The AI security tooling ecosystem has exploded in the last 18 months, and an equally significant consolidation wave is underway. On the open-source side, NVIDIA NeMo Guardrails offers programmable topic control, PII detection, and RAG grounding. Meta’s PurpleLlama suite includes Llama Guard 4 (now multimodal), Prompt Guard 2, and CyberSecEval 4, the most comprehensive open-source defence toolkit available. LLM Guard provides 35 MIT-licensed scanners deployable as a single API call. Guardrails AI has built the largest community-driven validator library and launched the Guardrails Index in February 2025, benchmarking 24 guardrail implementations across six categories.

For teams approaching this crowded tooling landscape, the right selection hinges on aligning core security requirements with product capabilities. Cost, latency overhead, integration depth, and regulatory fit are primary axes to consider. Lightweight scanners like LLM Guard can be rapidly integrated as a first line of defence with minimal latency impact and no commercial licensing barriers, making them ideal for rapid pilots. More complex solutions, such as NeMo Guardrails or PurpleLlama, can be customised to fit enterprise-grade needs, but require greater effort to tailor policy controls and manage updates. Where deep RAG integration or sophisticated prompt validation is needed, these modular frameworks may offer the flexibility to align with complex use cases. Comparing tools through the lens of ongoing support, extensibility, and compatibility with your existing API stack turns the catalogue into a practical procurement shortlist rather than a list of features.

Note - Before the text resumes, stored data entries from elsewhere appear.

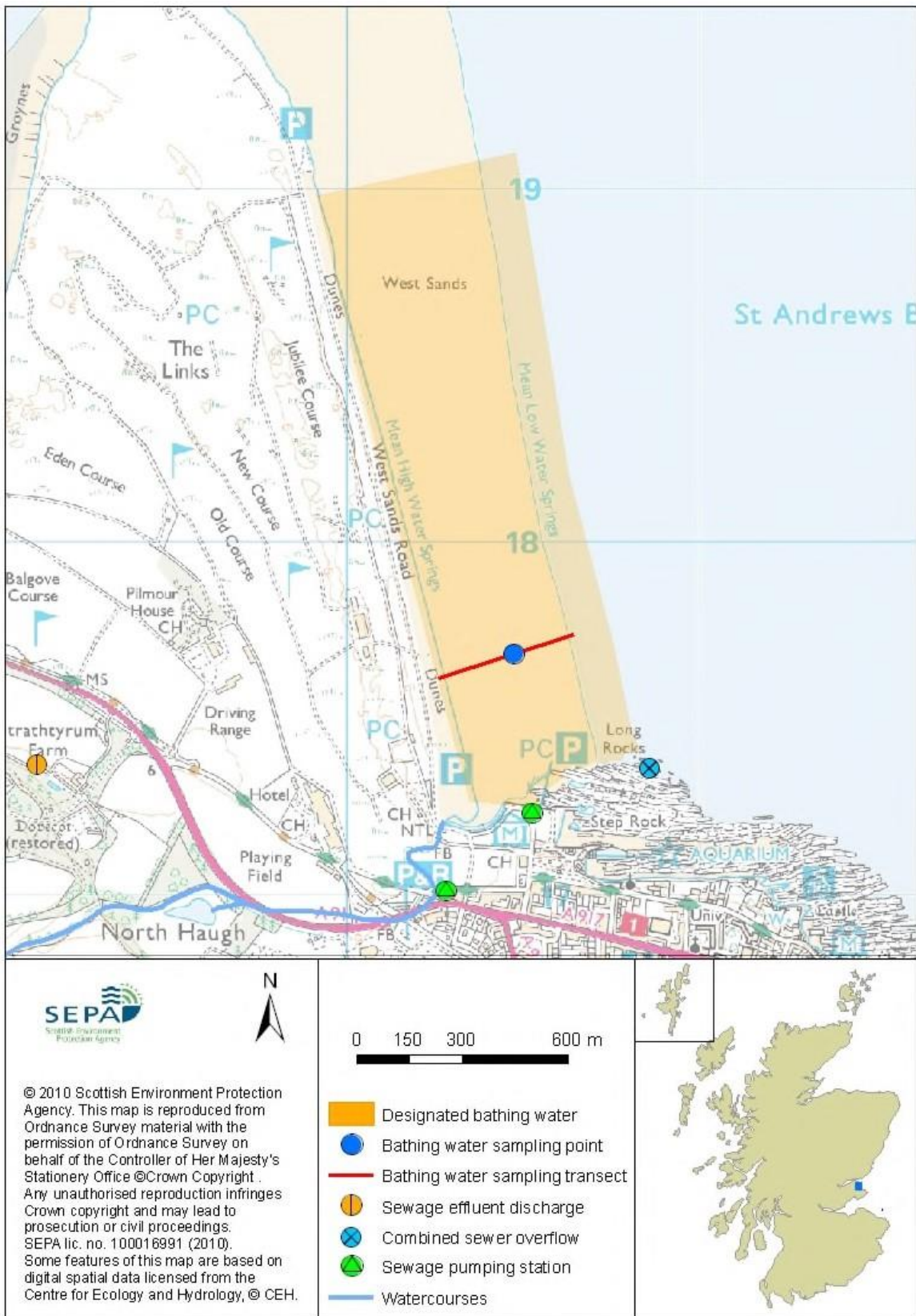
Map 1: St Andrews (West Sands) bathing water
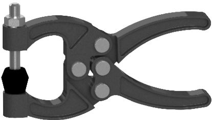
Model No. TP-2528
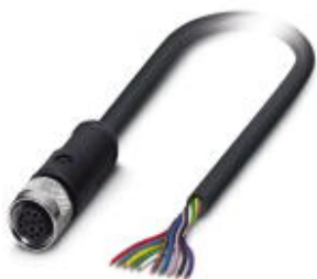
Master cable, 12-position, PUR/PVC, black RAL 9005, free cable end, on Socket straight M12, A-coded, cable length: 10 m

Please be informed that the data shown in this PDF Document is generated from our Online Catalog. Please find the complete data in the user's documentation. Our General Terms of Use for Downloads are valid ( http://phoenixcontact.com/download )
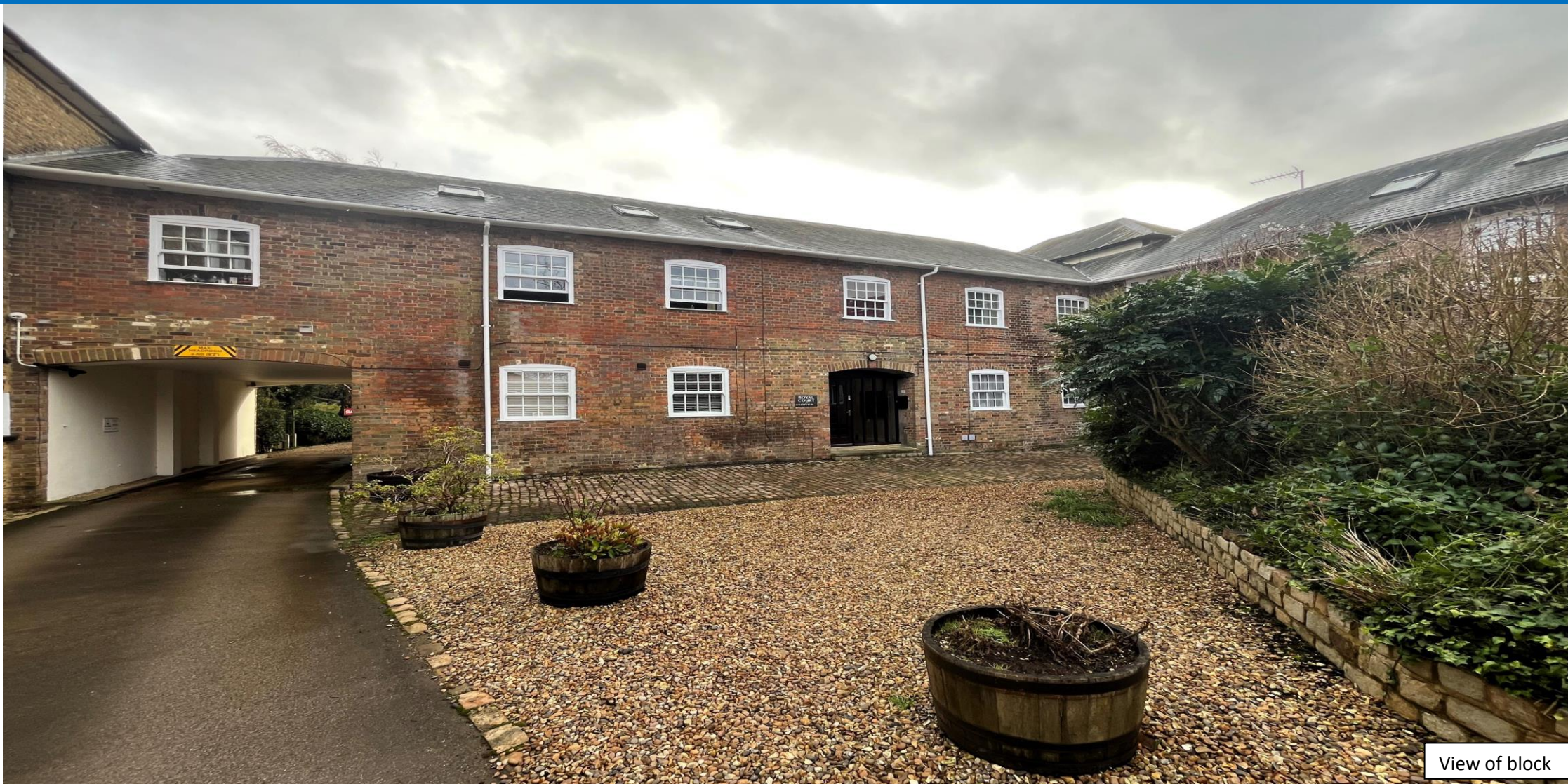
View of block
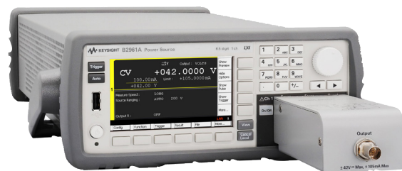
B2961A/62A power source with UNLF
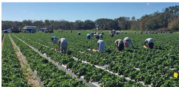
Figure 8. Harvest crew picking strawberries, moving up and down planting rows, Plant City, FL, 2017.

Foliar nematodes can also infest new plants by swimming up stems and moving along moist plant tissue surfaces. In some hosts they may also enter the leaves through stomata, but this has not been observed on strawberries. Foliar nematodes can mature from egg to adult in about 2 weeks, allowing many generations to develop during one growing season. Another potential means by which foliar nematodes are spread is through the harvesting process. Especially when plants are still wet from morning dew, the nematodes can easily be spread by the harvesting crew as they drag their hands through the planting rows while picking the berries (Figure 8).
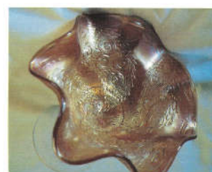
52. STREAM OF HEARTS/PERSIAN MEDALLION
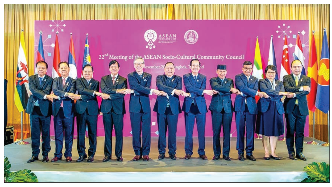
Union Minister Thura U Aung Ko and ministers from the ASEAN countries pose for a documentary photo at the 22<sup>nd</sup> Meeting of the ASEAN Socio-Cultural Community Council in Bangkok.

The Union Minister signed agreements in the "Advancing Partnership for sustainability" the theme developed during the ASEAN chairmanship term of Thailand in 20109, the establishment of ASEAN Socio-Cultural Community centers which will be implemented by Thailand, and the six declarations of the ASEAN Joint Statement on Cli mate Change to the 25th Session of the Conference of the Parties to the UNFCCC (COP25), the Declaration on the Protection of Children from All Forms of
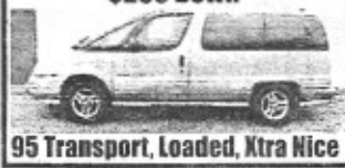
95 Transport, Loaded, Xtra Nice
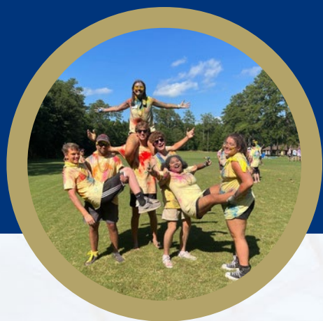
2 Programs Offered
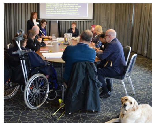
Our 2019 Annual General Meeting and Conference in Dundee on the 30 October 2019.
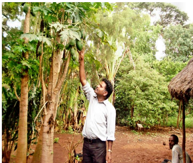
Fig. 6. The author with the unripen papaya fruit in Jimma zone, Eyihiopia
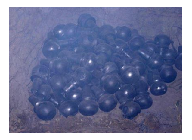
Figure 15. Reduced fumigators after firing.

especially those which are meant to handle local liquids. The researchers were informed that after firing, the pots are filled with banana peelings and water; and are placed on a fire place cooked when the pot is covered with a banana leaves. This will ensure that the pores are properly sealed and the pot is ready to handle either water or beer without leaking. In addition, pots for handling beer are given another touch by weaving rings both at the bottom and the neck, which are connected by strings from the neck to bottom and sideways, using either enshuri (thorny creepers) or banana fibres ( ekifunga ). This will aid handling the pot when filled with the beer brew.
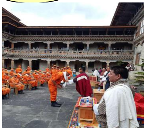
On 27th April with the coincide of auspicious Day

Tsirang Dzongkhag welcomes 38th batch of Desuup (Guardians of Peace) led by Honorable Dasho Dzongdag, Sector heads and Desuup colleagues. Total desuup represented from Tsirang is 128 of which 20 are females. Dasho Dzongdag offer them Khadhar on their successful completion of 3 weeks Integrated Desung Training in Samtse. Most of them are from Education. They were welcome with simple
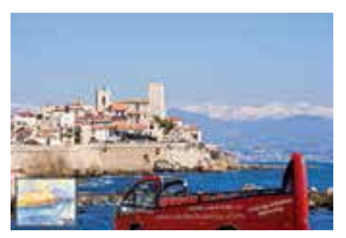
DISCOVERY OF THE CITY Guided tours & museums

42, avenue Robert Soleau 06600 Antibes Tel.: +33 (0)4.22.10.60.10
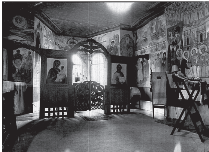
Chapel in St Basil's House of the Fellowship of St Alban and St Sergius in Ladbroke Grove, London, 1946
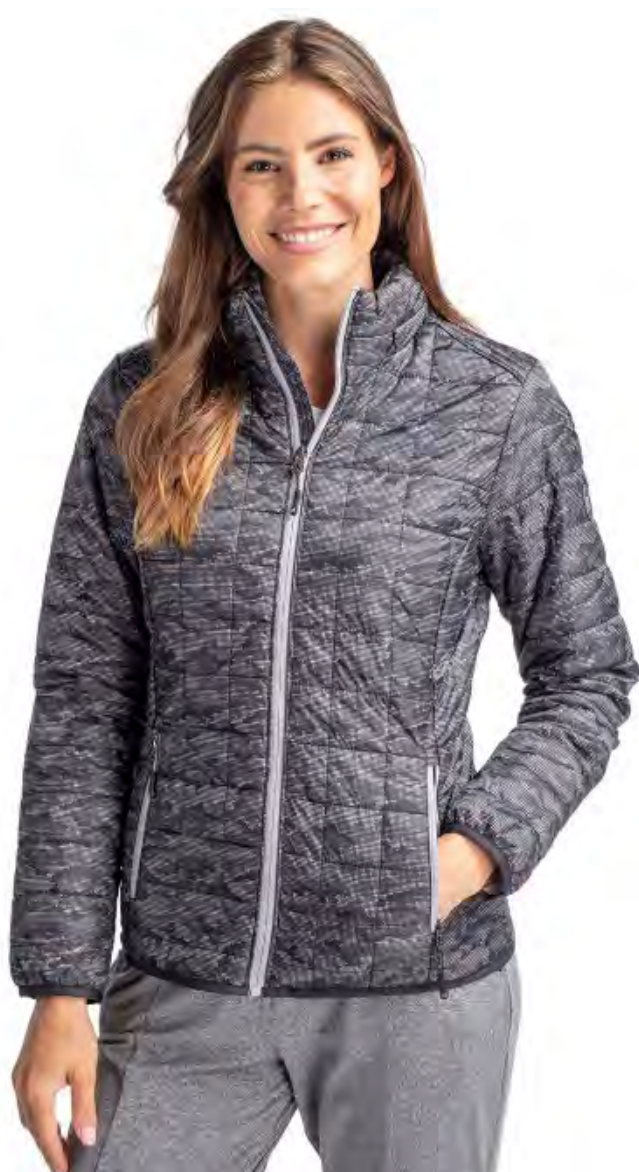
Rainier Eco Insulated Women's Full Zip Printed Puffer Jacket LCO00053 $245 MSRP
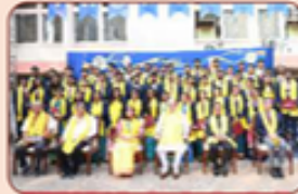
Hon' Shri Amit Shah Home Minister & Minister of Cooperation, Govt. of India Convocation - PGDM-ABM 2019-21 batch
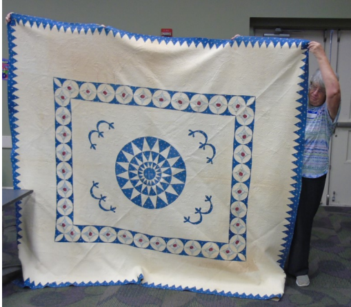
Cindy Pannier - treasured blue and cream quilt
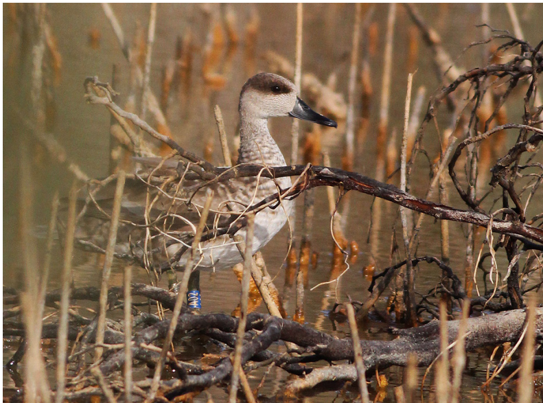
Fig. 02. Marbled Teal (Ghadira, 4 Jul) from Sicily re-introduction project

Then recorded in single and double figures of up to 24 on 10 dates (mainly from Malta-Gozo channel) from 27 Feb to 01 Apr, but 35 on 16 Mar. 1 at Simar NR from 24 Mar to 02 Apr. 1 at Salina NR on 08 Aug. Sightings on 19 dates from 28 Oct to 30 Dec including 15 on 30 Oct and 45 on 20 Nov at Qawra, 55 on Kemmuna on 21 Nov, 26 at Tas-Safra on 21 Dec and 11 at Wied il-Ghasri on 26 Dec.
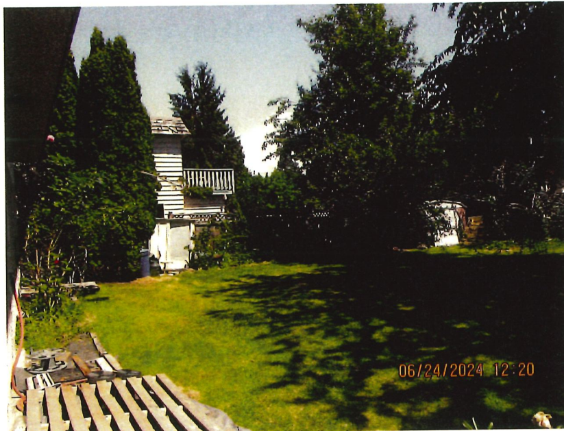
Photo of the north side of the back yard
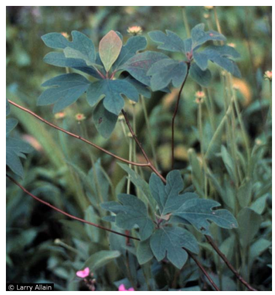
Figure 45. Sassafras.

Other names: common sassafras, white sassafras, saxifrax, Euosmus albida, Laurus albida, L. albidus, L. diversifolia, L. sassafras, L. variifolia, Persea sassafras, Sassafras laurus, S. officinale, S. varifolium, Tetranthera albida
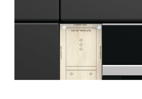
Ensure the template is completely flush against the cabinet and all four coners are secure.
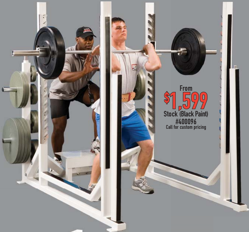
Ultimate Multi-Use Rack

From $1,599 Stock (Black Paint) #400096 Call for custom pricing

On the enterprise side, Protect AI’s ModelScan provides the industry’s first dedicated ML model scanner, like npm audit for machine learning artefacts. HiddenLayer was selected for the US Missile Defence Agency’s SHIELD contract in December 2025, providing airgapped AI security for classified environments, a signal of how seriously defence agencies take AI supply chain threats. Prompt Security introduced the first GenAI authorisation framework in March 2025, essentially IAM for AI features and content. Arthur Shield monitored over one billion tokens across 2025 production deployments.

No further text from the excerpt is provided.